Information supplied:
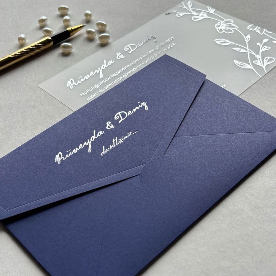Yatay Dikdörtgen Lacivert Zarf Gümüş Yaldızlı Şeffaf Davetiye - 320
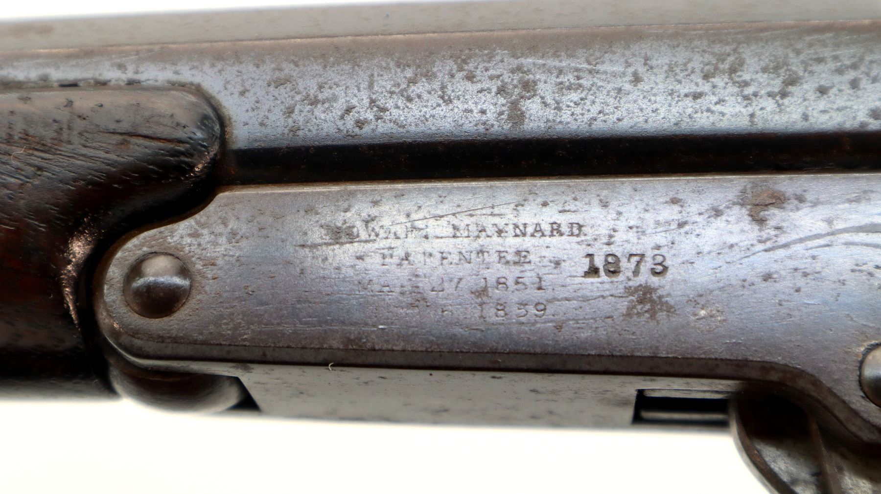Main Description: Blade front sight, adjustable folding rear peep sight, heavy round barrel with hex rear portion, checkered spur hammer, firing pin is present, extractor is missing. Two piece wood stocks, checkered forearm which is cracked, straight grip, smooth curved steel butt plate.
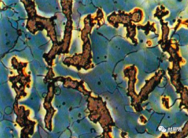 鐵素體多以分散分布?jí)K狀及網(wǎng)狀形式存在。
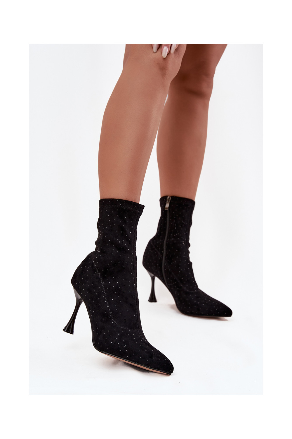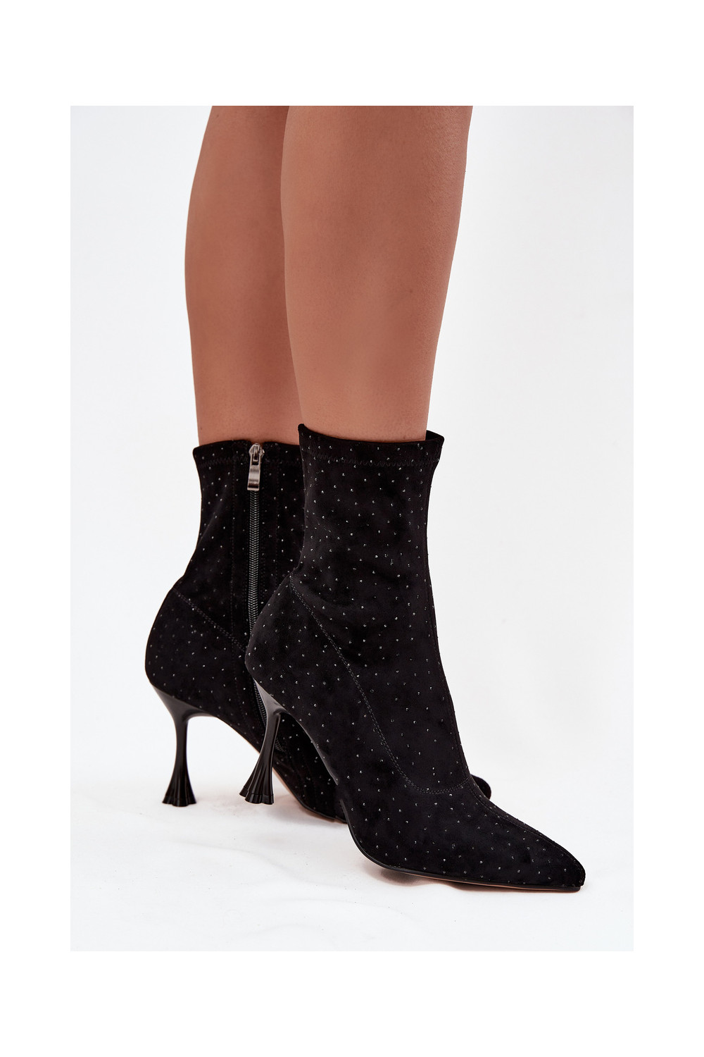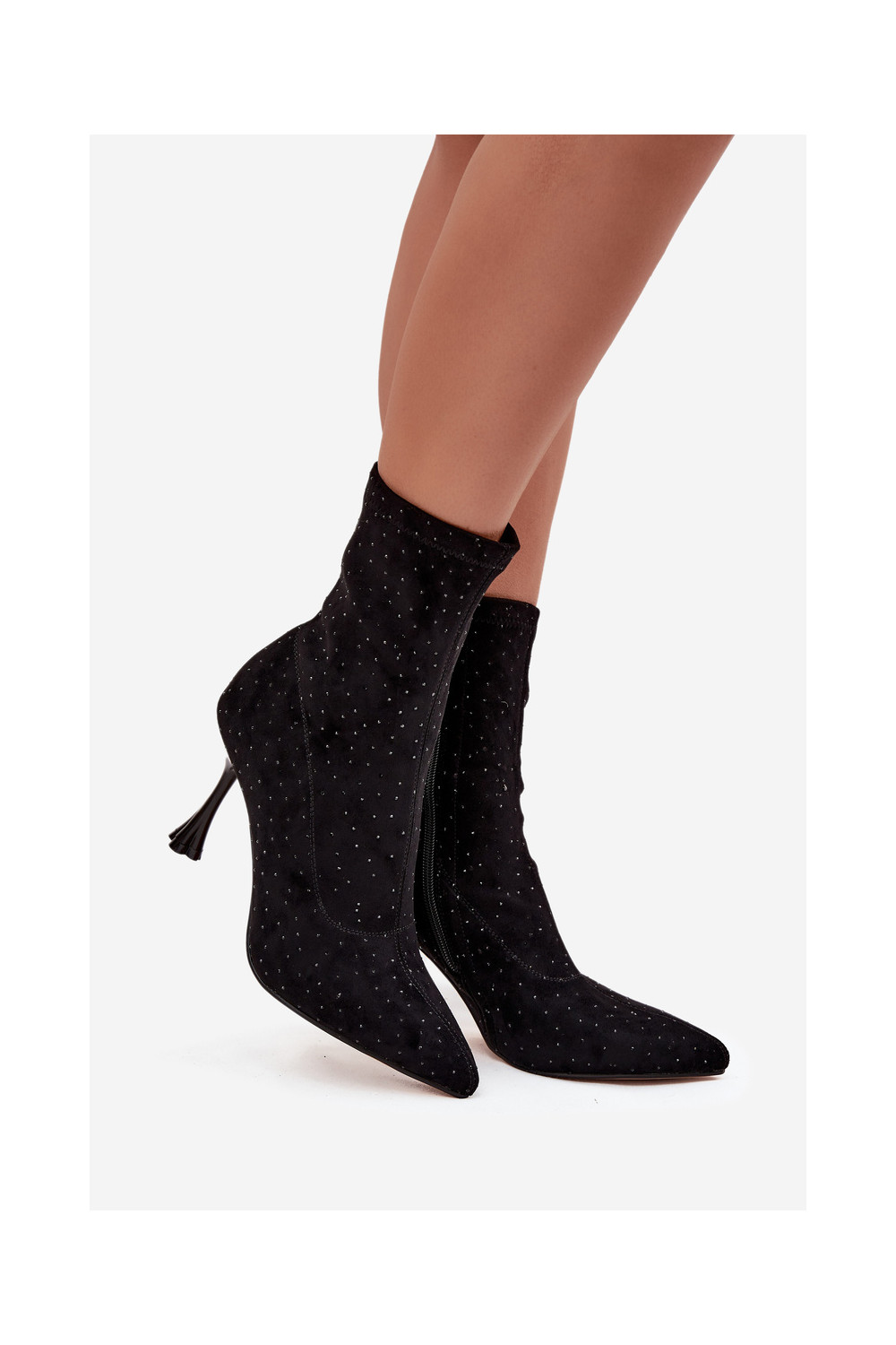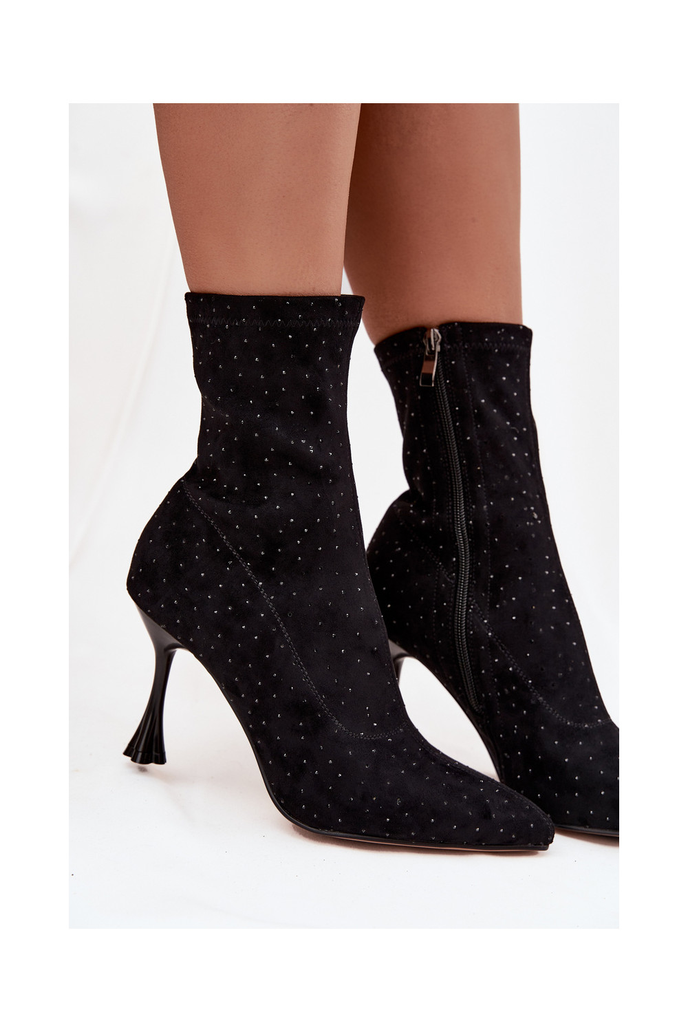Sieviešu dekorētie zābaki ar plāniem papēžiem D&A JC52-882 melnā krāsā

What is required: Set the pictures aside and reproduce the data above exactly.

Response for this exercise:
Yatay Dikdörtgen Lacivert Zarf Gümüş Yaldızlı Şeffaf Davetiye - 320
Main Description: Blade front sight, adjustable folding rear peep sight, heavy round barrel with hex rear portion, checkered spur hammer, firing pin is present, extractor is missing. Two piece wood stocks, checkered forearm which is cracked, straight grip, smooth curved steel butt plate.
 鐵素體多以分散分布?jí)K狀及網(wǎng)狀形式存在。
Sieviešu dekorētie zābaki ar plāniem papēžiem D&A JC52-882 melnā krāsā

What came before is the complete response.